Can i use the Newton-Raphson method of scipy.optimize with a multiple variable system?

I wanted to do the Newton-Raphson method with scipy with a multivariable system. So, i followed this documentation. And here is an example code where i tried to solved my problem:

import numpy as np
from scipy.optimize import newton


def f(x):
    F = [0, 0]
    F[0] = 5 * x[0] + 7 * x[1] - 6
    F[1] = 10 * x[0] - 3 * x[1] - 46

    return F


def jacobian(x):
    F = np.zeros((2, 2))
    F[0, 0] = 5
    F[0, 1] = 7
    F[1, 0] = 10
    F[1, 1] = -3

    return F


q = [10, -10]
result = newton(f, q, fprime=jacobian, maxiter=10000, full_output=1)
print(result)

When i run this program without the 'fprime' parameter (in the newton function), i get the correct answer:

> result(root=array([ 3.99999999, -2.00000004]), converged=array([ True, True]), zero_der=array([False, False]))

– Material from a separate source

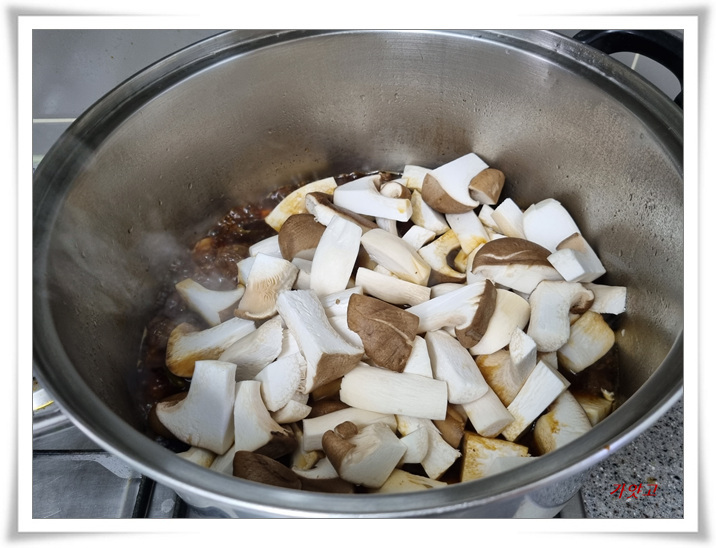30분 뒤에 새송이버섯부터 넣고 10분간 조려주고,

But this is the secant method and i need the Newton method for a more complex problem. So when i run the code with the parameter 'fprime' i get the following error:

> IndexError: too many indices for array: array is 1-dimensional, but 2 were indexed

Seeing this error i tried several solutions, like changing the matrix F from the jacobian function to a normal list:

def jacobian(x):
    F = [0,0,0,0]
    F[0] = 5
    F[1] = 7
    F[2] = 10
    F[3] = -3

    return F

Or changing all the variable to numpy arrays, but i keep getting similar errors with index.

I want know if it is posible to do this system of equations with this scipy function and if not, i would like other alternatives with python.

The traceback is

  Cell In[46], line 26
    result = newton(f, q, fprime=jacobian, maxiter=10000, full_output=1)

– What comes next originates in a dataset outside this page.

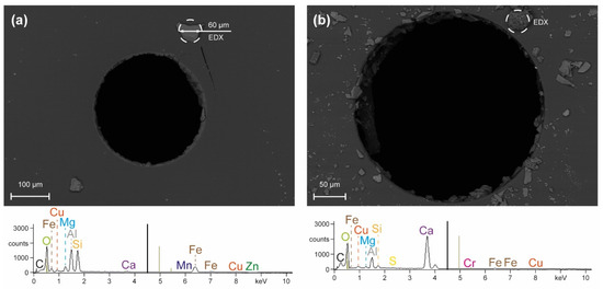 Energy-dispersive analysis of X-rays (EDX) of selected particles was performed to more comprehensively determine the origin and nature of these particles. The analysis in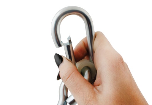 - KARABIŃCZYK W ZESTAWIE –stosowany do mocowania huśtawek, hamaków itp. Bardzo solidny karabińczyk został zamontowany na teflonowym łożysku.

  File ~\miniconda3\lib\site-packages\scipy\optimize\_zeros_py.py:277 in newton
    return _array_newton(func, x0, fprime, args, tol, maxiter, fprime2,

  File ~\miniconda3\lib\site-packages\scipy\optimize\_zeros_py.py:401 in _array_newton
    dp = fval[nz_der] / fder[nz_der]

IndexError: too many indices for array: array is 1-dimensional, but 2 were indexed

Changing the ipython %xmode` to verbose, the error line, with context and variables is:

File ~\miniconda3\lib\site-packages\scipy\optimize\_zeros_py.py:401, in _array_newton(func=<function f>, x0=[10, -10], fprime=<function jacobian>, args=(), tol=1.48e-08, maxiter=10000, fprime2=None, full_output=1)
    399     break
    400 # Newton step
    400 # Newton step
--> 401 dp = fval[nz_der] / fder[nz_der]
        nz_der = array([[ True,  True],
       [ True,  True]])
        fval = array([-26,  84])
        fder = array([[ 5.,  7.],
       [10., -3.]])

I think fval is the 1d array produced by f(q). fder is the 2d array produced by jacobian, and nz_der looks like a matching shape boolean.

You/we need to review the newton docs to see what shape of a result the fprime must be.

The docs aren't specific about what fprime must return, but from that error, and the examples like fprime=lambda x: 3 * x**2), it must be a 1d array like f(q), the same shape as in guess q. You are trying to provide the 2d dz/dx.

Using np.array([5,7,10,-3]) has indexing problem at the same place, only with a (4,) boolean instead of the (2,2).

From your linked docs:

> If x0 is a sequence with more than one item, newton returns an array: the zeros of the function from each (scalar) starting point in x0. In this case, func must be vectorized to return a sequence or array of the same shape as its first argument. If fprime (fprime2) is given, then its return must also have the same shape: each element is the first (second) derivative of func with respect to its only variable evaluated at each element of its first argument.